[Input data]
※ ※ ※
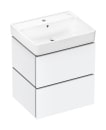 Den dybe Xanuia Q vask i hvidt sanitetsporcelæn giver dig god plads til både håndvask og daglige rutiner. Under vasken finder du to rummelige skuffer med soft close, hvor du nemt kan opbevare dine hverdagsprodukter. Ønsker du at strukturere indholdet i skufferne, kan du tilføje skuffeinddeling fra Hansgrohes Intrastoris serie.
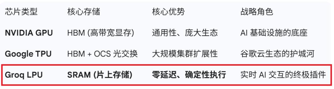 值得注意的是,Groq主攻的也并非谷歌TPU同款架构,而是独创的LPU——软件定义硬件的可重构数据流架构,消除了内存带宽的瓶颈。这种设计让LPU在处理大语言模型时,能实现每秒数百个Token的“瞬时”吐字,这是TPU和传统GPU无法企及的物理极限。这一技术也被业界及媒体誉为“高阶TPU”。甚至一些业内人士表示,对于推理环节而言,Groq的可重构数据流可能是最好的技术路径选择,没有之一。
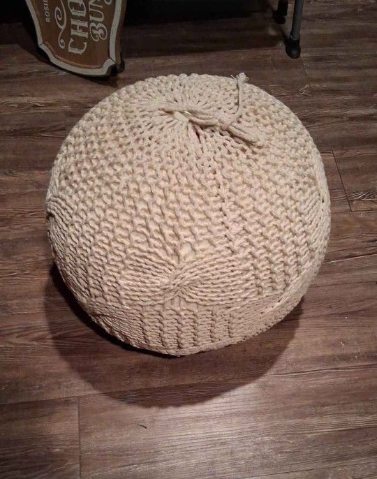 GDF Studio Ansel Knitted Cotton Pouf, Beige Ottoman
※ ※ ※
[Description of the task] Output the data exactly. Pictures don't belong in the result.

[Exercise result]
 Den dybe Xanuia Q vask i hvidt sanitetsporcelæn giver dig god plads til både håndvask og daglige rutiner. Under vasken finder du to rummelige skuffer med soft close, hvor du nemt kan opbevare dine hverdagsprodukter. Ønsker du at strukturere indholdet i skufferne, kan du tilføje skuffeinddeling fra Hansgrohes Intrastoris serie.
 值得注意的是,Groq主攻的也并非谷歌TPU同款架构,而是独创的LPU——软件定义硬件的可重构数据流架构,消除了内存带宽的瓶颈。这种设计让LPU在处理大语言模型时,能实现每秒数百个Token的“瞬时”吐字,这是TPU和传统GPU无法企及的物理极限。这一技术也被业界及媒体誉为“高阶TPU”。甚至一些业内人士表示,对于推理环节而言,Groq的可重构数据流可能是最好的技术路径选择,没有之一。
 GDF Studio Ansel Knitted Cotton Pouf, Beige Ottoman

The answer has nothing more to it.